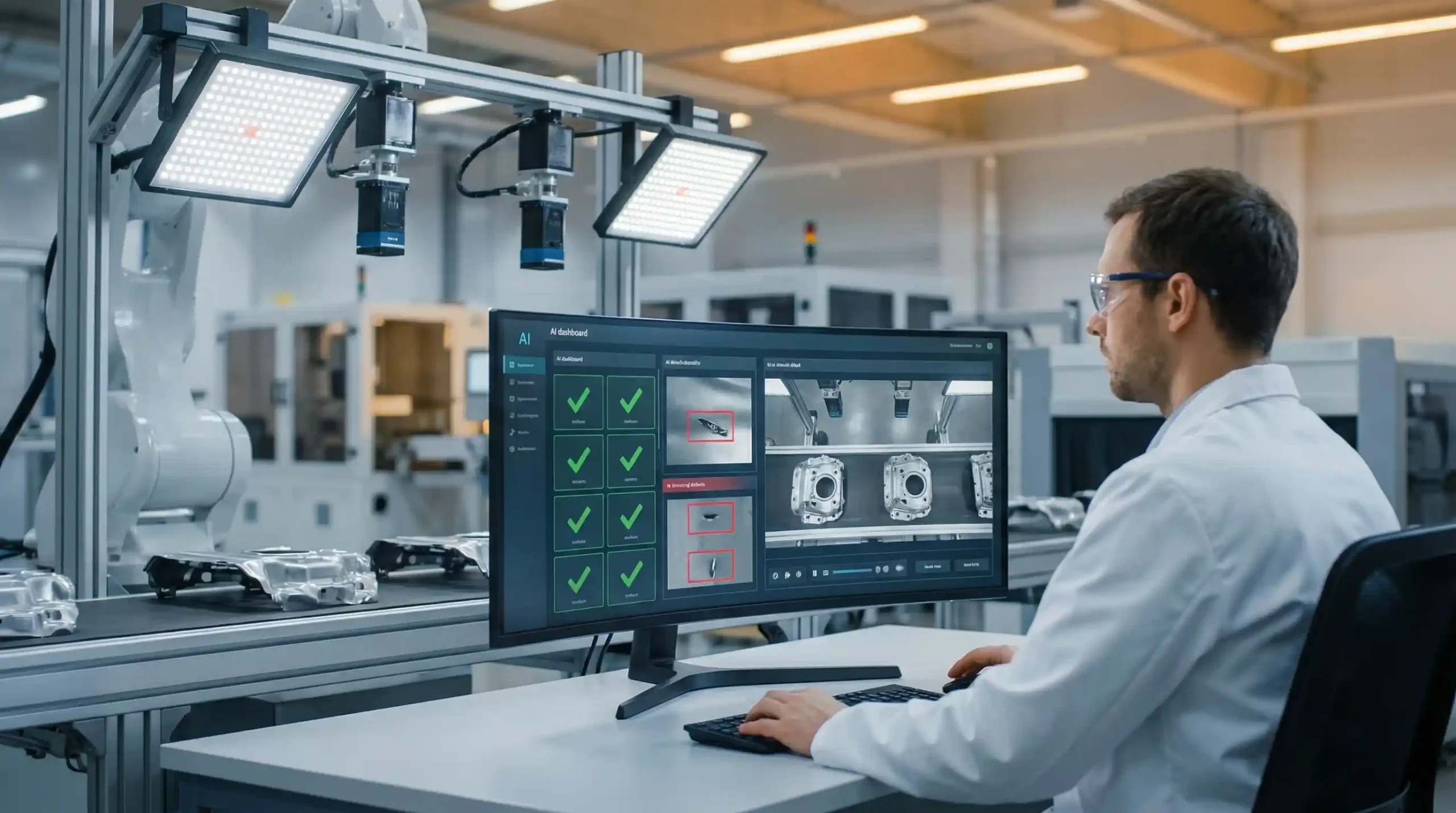 A $35M automotive parts supplier deployed an ai copilot manufacturing quality system on its stamping and welding lines. First-pass yield improved from 91% to 97.8%. Scrap costs dropped 42%. The system prevented an estimated 12,000 defective parts per month from reaching downstream processes. Annual quality cost savings exceeded $450,000.
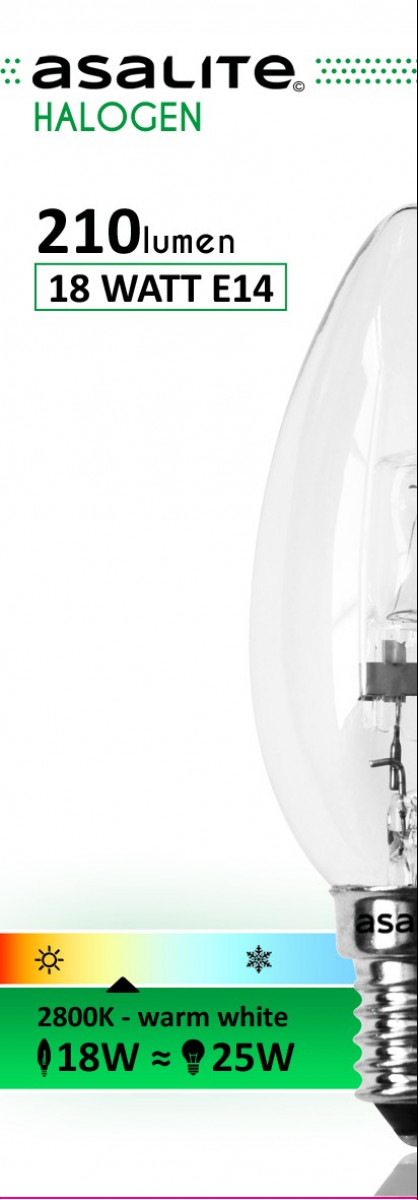 Becul cu halogen Asalite 18W este potrivit pentru înlocuirea unui bec convențional de 25W. Intensitatea luminoasă de 210 Lumeni este însoțită de o temperatură a culorii de 2800 grade Kelvin și un unghi de iluminare de 360 de grade.
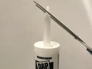 Используйте ножницы, чтобы срезать кончик тюбика герметика под углом 45 градусов.

--- --- ---

- **TASK ITEM**: Transcribe the lines above exactly, setting aside any picture among them.

- **YOUR SOLUTION**:
 A $35M automotive parts supplier deployed an ai copilot manufacturing quality system on its stamping and welding lines. First-pass yield improved from 91% to 97.8%. Scrap costs dropped 42%. The system prevented an estimated 12,000 defective parts per month from reaching downstream processes. Annual quality cost savings exceeded $450,000.
 Becul cu halogen Asalite 18W este potrivit pentru înlocuirea unui bec convențional de 25W. Intensitatea luminoasă de 210 Lumeni este însoțită de o temperatură a culorii de 2800 grade Kelvin și un unghi de iluminare de 360 de grade.
 Используйте ножницы, чтобы срезать кончик тюбика герметика под углом 45 градусов.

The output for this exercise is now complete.